Das Urteil gegen die Kündigungsklausel in LBS-Bausparverträgen ist jetzt rechtskräftig. Bild: dpa

Die Verbraucherzentrale Baden-Württemberg sieht eine mögliche Kündigungswelle bei Kunden der LBS Südwest abgewendet. Die Landesbausparkasse hat zuvor eine wichtige Entscheidung getroffen.

          Die Verbraucherzentrale Baden-Württemberg sieht eine mögliche Kündigungswelle bei Kunden der Landesbausparkasse (LBS) Südwest abgewendet.
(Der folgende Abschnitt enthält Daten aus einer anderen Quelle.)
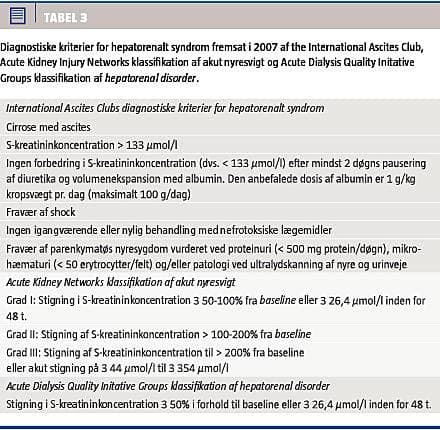 S-kreatininkoncentrationen skal overstige 133 mikromol/l for at kriterierne for HRS er opfyldt. Denne praksis kan medføre overestimering af den reelle nyrefunktion, fordi patienter med cirrose ofte har reduceret S-kreatininkoncentration som følge af deres leverlidelse, malnutrition og nedsatte muskelmasse [19]. I 2007 opstillede Acute Kidney Injury Network (AKIN) nye kriterier for klassifikationen af akut nyresvigt [20] (Tabel 3). Det er muligt, at denne klassifikation vil være en forbedring af vurderingen af nyrefunktionen hos patienter med cirrose, da den er mere sensitiv over for små ændringer i S-kreatininkoncentrationen end den tidligere klassifikation. Acute Dialysis Quality Initative Group foreslår en ny klassifikation, kaldet Hepatorenal Disorder, som er udviklet med udgangspunkt i de kriterier for nyresvigt, som er angivet af AKIN (Tabel 3) [16]. I observationelle studier af patienter med cirrose og ascites har man fundet, at beskedne ændringer i nyrefunktionen vurderet ved AKIN-klassifikationen ofte progredierer og prædikterer mortalitet, infektion og muligvis HRS [21-24]. Der er dog endnu ikke studier, som viser, om anvendelse af AKIN-kriterierne forbedrer patienternes samlede prognose.
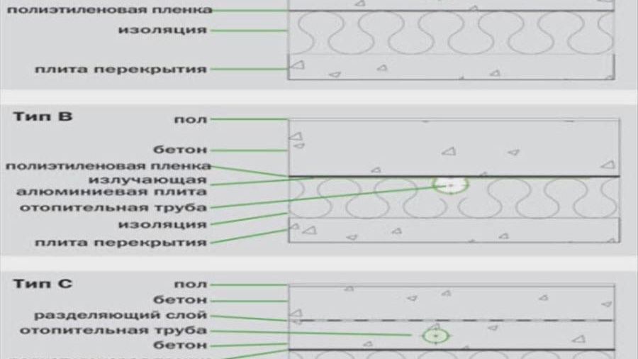 Тип А". Този тип е най-простият по отношение на подово отопление и най-малко взискателен по отношение на работата. На подовата плоча се полага изолационен слой и се полага полиетиленов филм. Повече отоплителна тръба системите на изолирания воден под се държат директно в бетонен съединител. Остава само да изчакате, докато повърхността изсъхне напълно, за да завършите подовата настилка под формата на подова настилка.
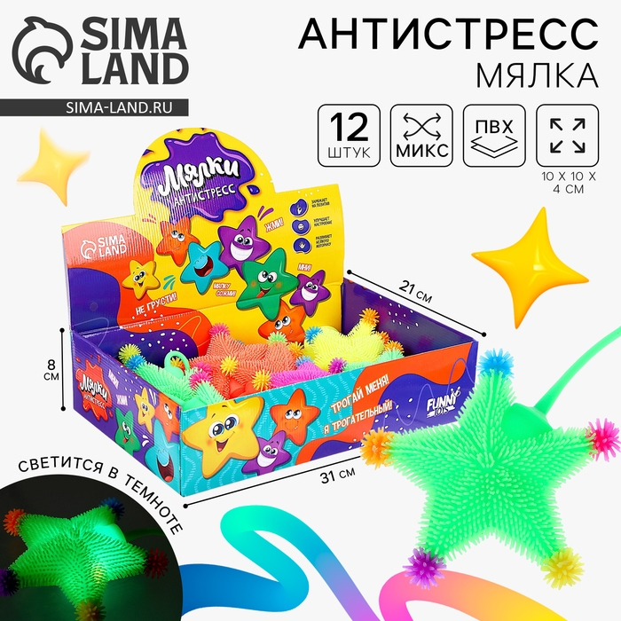 Антистресс сквиш мялка «Звёзды», цвета МИКС, в шоубоксе

Ein Urteil des Oberlandesgerichts (OLG) Stuttgart ist rechtskräftig, nachdem die LBS die Revision vor dem Bundesgerichtshof zurückgenommen hatte. „Das sind gute Nachrichten für die Kunden der LBS Südwest“, sagte Niels Nauhauser von der Verbraucherzentrale Baden-Württemberg. Die LBS war für eine Stellungnahme nicht zu erreichen.

          Die umstrittene Klausel in Bausparverträgen der LBS, wonach 15 Jahre nach Vertragsabschluss gekündigt werden darf, ist damit unzulässig. Das OLG hatte die Entscheidung im vergangenen Jahr damit begründet, dass die Klausel den Bausparer unangemessen benachteilige. Die Verbraucherzentrale hatte dagegen geklagt (Az. 2 U 188/17). Zwischen Verbraucherschützern und Bausparkassen gibt es immer wieder Streit. Der Bundesgerichtshof hat schon eine ähnliche Klausel in Verträgen der Badenia-Bausparkasse für unwirksam erklärt.